### Saved data entries

^^^^^^^^

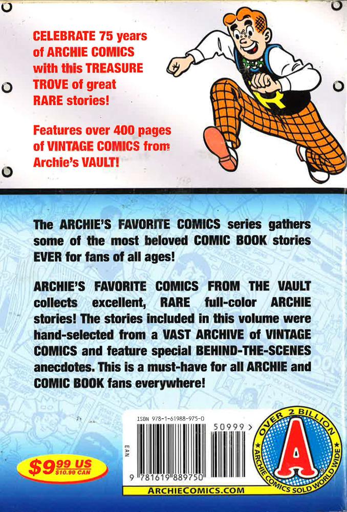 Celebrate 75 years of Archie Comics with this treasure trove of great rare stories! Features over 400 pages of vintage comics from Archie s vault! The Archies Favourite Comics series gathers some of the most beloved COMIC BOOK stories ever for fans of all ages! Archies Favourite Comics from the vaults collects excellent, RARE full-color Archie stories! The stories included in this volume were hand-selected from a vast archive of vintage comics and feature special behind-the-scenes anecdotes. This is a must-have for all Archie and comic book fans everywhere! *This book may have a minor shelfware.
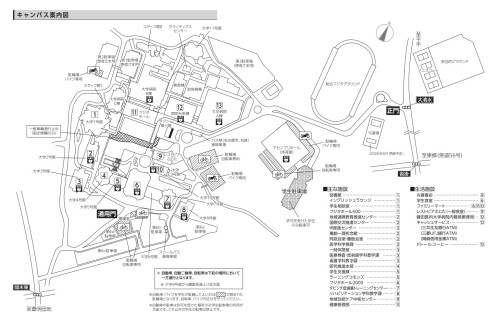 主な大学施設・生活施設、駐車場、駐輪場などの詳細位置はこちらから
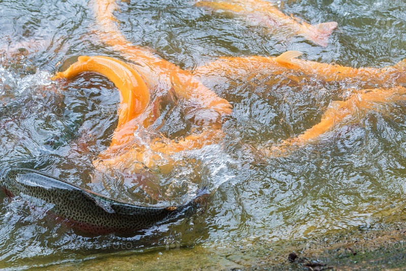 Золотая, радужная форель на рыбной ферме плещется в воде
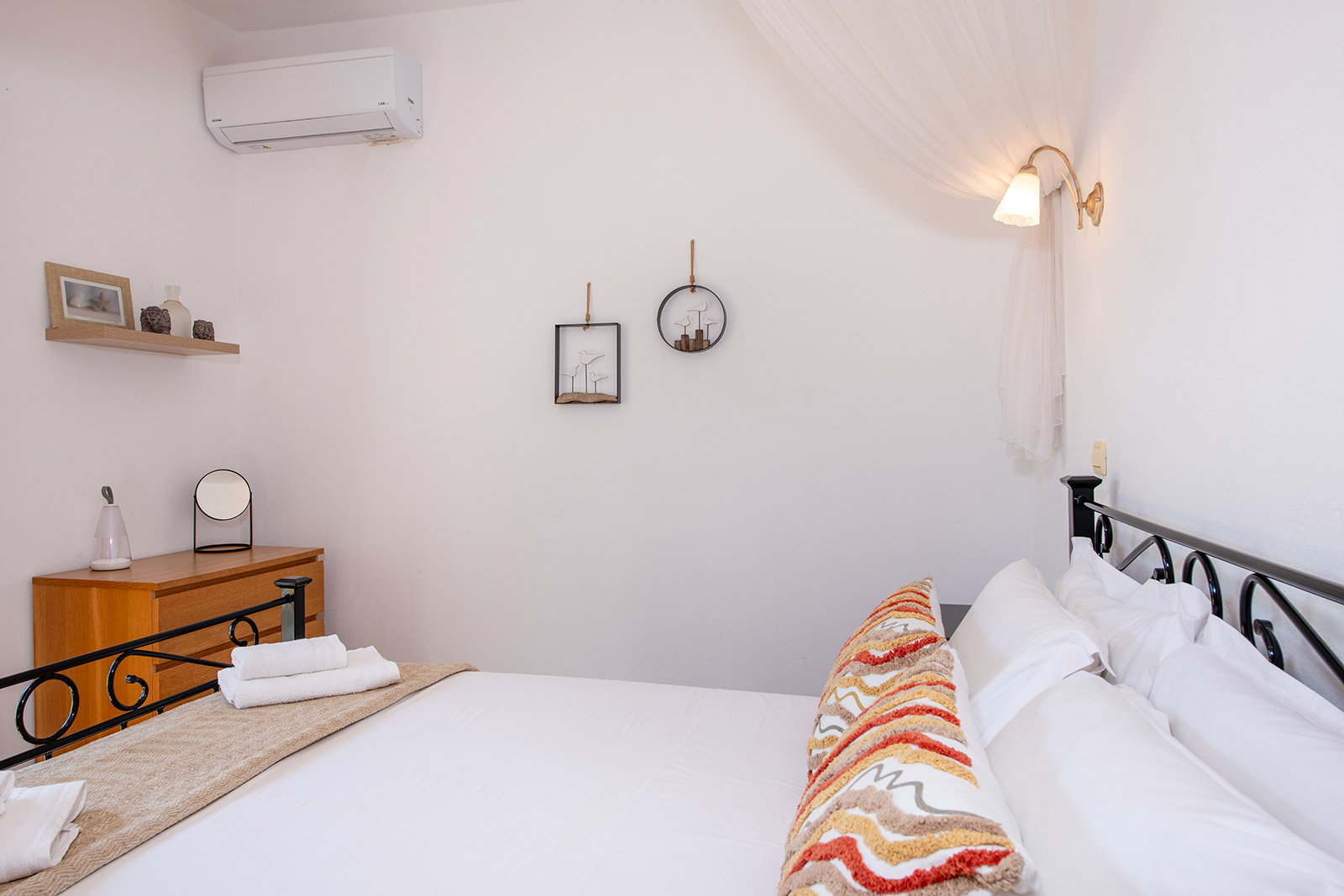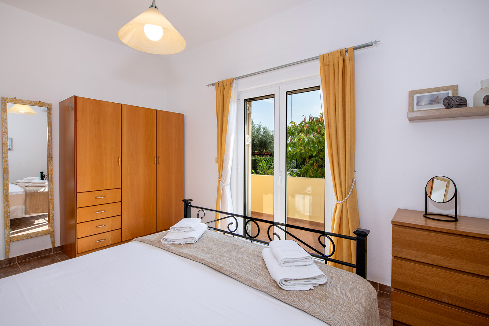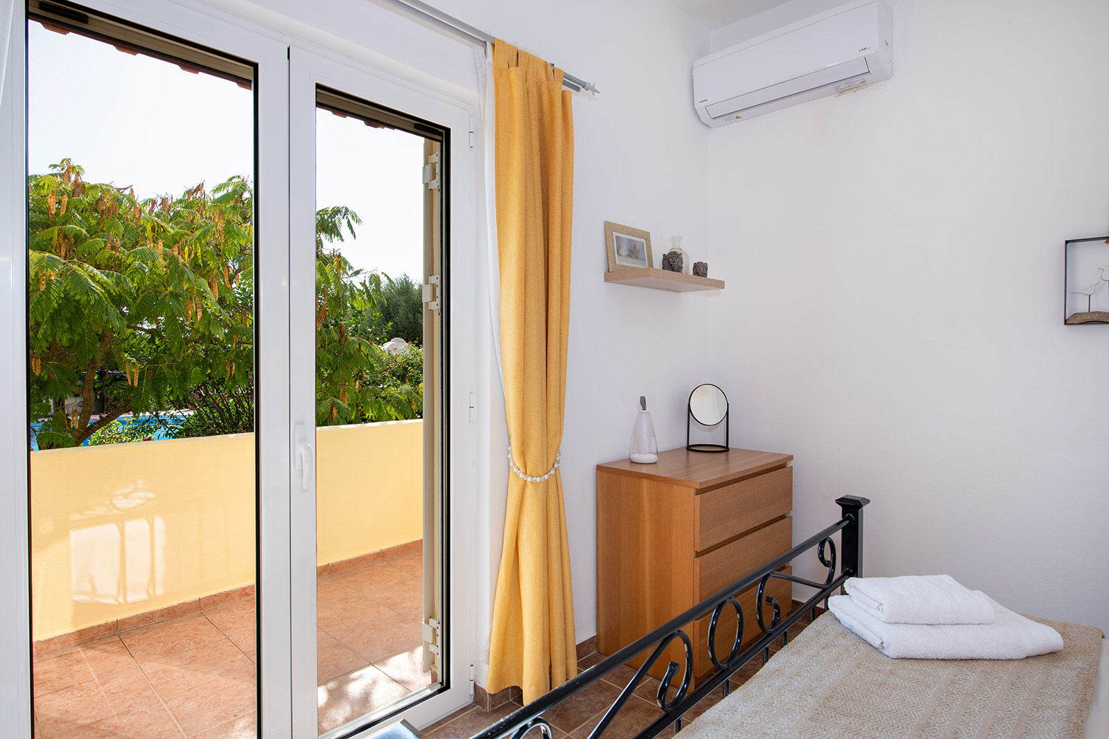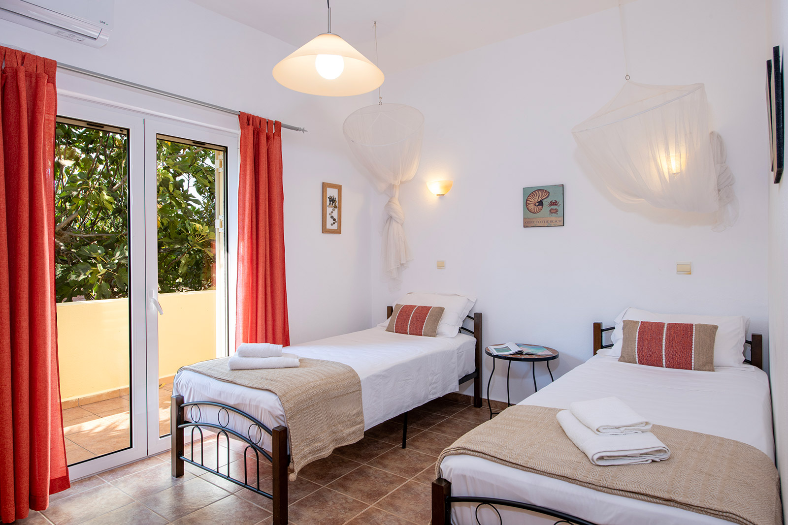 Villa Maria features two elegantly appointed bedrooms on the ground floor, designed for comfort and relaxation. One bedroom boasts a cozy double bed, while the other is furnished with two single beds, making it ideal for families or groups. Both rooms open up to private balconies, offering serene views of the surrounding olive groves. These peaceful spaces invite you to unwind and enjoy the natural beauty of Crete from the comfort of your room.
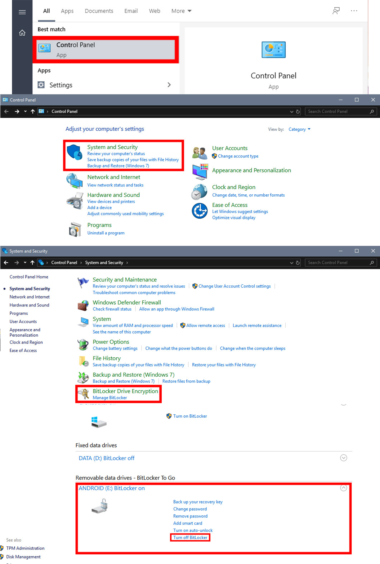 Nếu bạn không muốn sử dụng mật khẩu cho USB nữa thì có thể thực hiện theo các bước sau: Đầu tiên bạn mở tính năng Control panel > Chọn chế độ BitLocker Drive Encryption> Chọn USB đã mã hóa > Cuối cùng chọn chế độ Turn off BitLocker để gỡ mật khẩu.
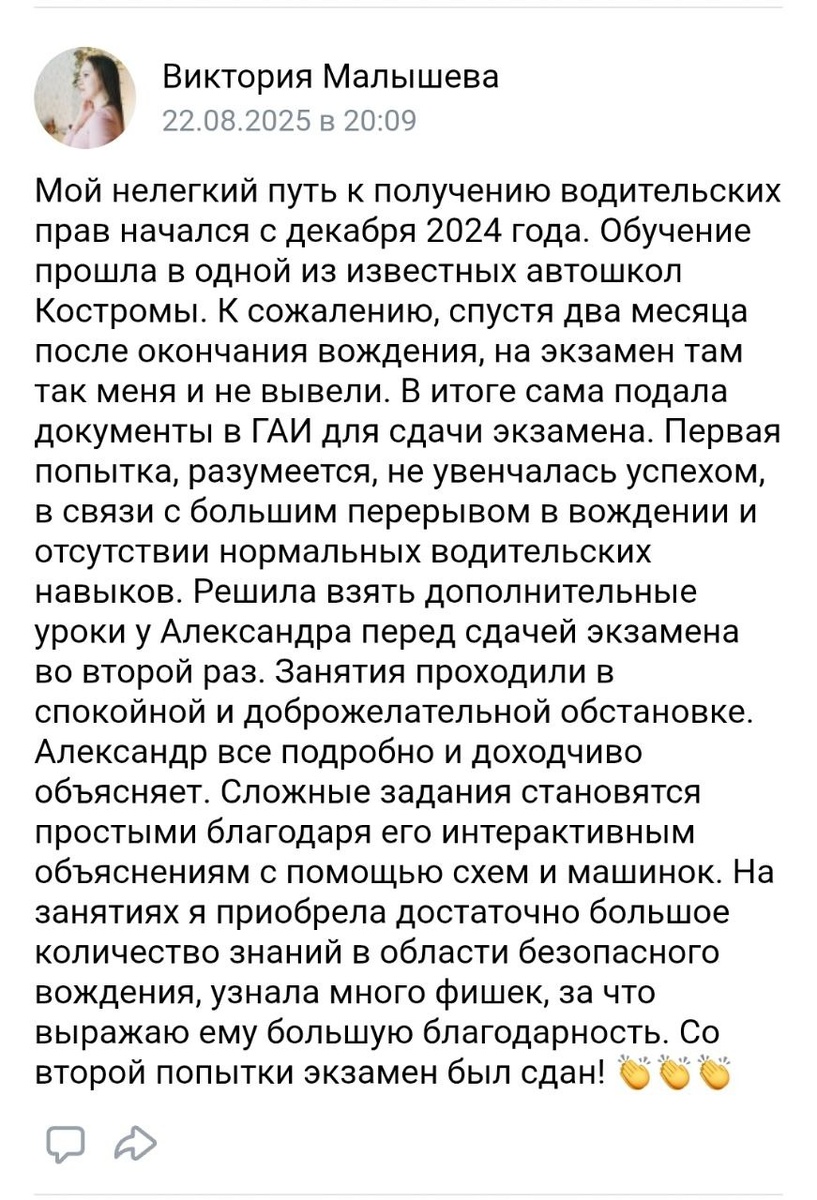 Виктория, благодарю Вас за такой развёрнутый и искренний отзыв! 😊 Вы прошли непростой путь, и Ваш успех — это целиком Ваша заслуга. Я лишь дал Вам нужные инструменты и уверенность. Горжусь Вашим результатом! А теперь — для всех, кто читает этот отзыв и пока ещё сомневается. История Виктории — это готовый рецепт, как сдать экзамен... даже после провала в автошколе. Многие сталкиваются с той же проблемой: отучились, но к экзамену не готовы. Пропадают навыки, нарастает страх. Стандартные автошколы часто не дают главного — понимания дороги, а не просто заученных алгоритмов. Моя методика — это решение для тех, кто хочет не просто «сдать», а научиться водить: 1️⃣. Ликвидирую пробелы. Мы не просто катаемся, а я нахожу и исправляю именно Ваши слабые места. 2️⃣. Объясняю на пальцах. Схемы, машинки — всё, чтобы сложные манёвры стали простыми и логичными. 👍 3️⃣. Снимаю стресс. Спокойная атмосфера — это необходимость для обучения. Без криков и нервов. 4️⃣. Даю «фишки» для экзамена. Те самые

^^^^^^^^

### Action item
Start at the top of the entries and repeat each line exactly, ending at the line that contains "Nếu bạn không". Pictures are not part of the copy.

### Response area
 Celebrate 75 years of Archie Comics with this treasure trove of great rare stories! Features over 400 pages of vintage comics from Archie s vault! The Archies Favourite Comics series gathers some of the most beloved COMIC BOOK stories ever for fans of all ages! Archies Favourite Comics from the vaults collects excellent, RARE full-color Archie stories! The stories included in this volume were hand-selected from a vast archive of vintage comics and feature special behind-the-scenes anecdotes. This is a must-have for all Archie and comic book fans everywhere! *This book may have a minor shelfware.
 主な大学施設・生活施設、駐車場、駐輪場などの詳細位置はこちらから
 Золотая, радужная форель на рыбной ферме плещется в воде
 Villa Maria features two elegantly appointed bedrooms on the ground floor, designed for comfort and relaxation. One bedroom boasts a cozy double bed, while the other is furnished with two single beds, making it ideal for families or groups. Both rooms open up to private balconies, offering serene views of the surrounding olive groves. These peaceful spaces invite you to unwind and enjoy the natural beauty of Crete from the comfort of your room.
 Nếu bạn không muốn sử dụng mật khẩu cho USB nữa thì có thể thực hiện theo các bước sau: Đầu tiên bạn mở tính năng Control panel > Chọn chế độ BitLocker Drive Encryption> Chọn USB đã mã hóa > Cuối cùng chọn chế độ Turn off BitLocker để gỡ mật khẩu.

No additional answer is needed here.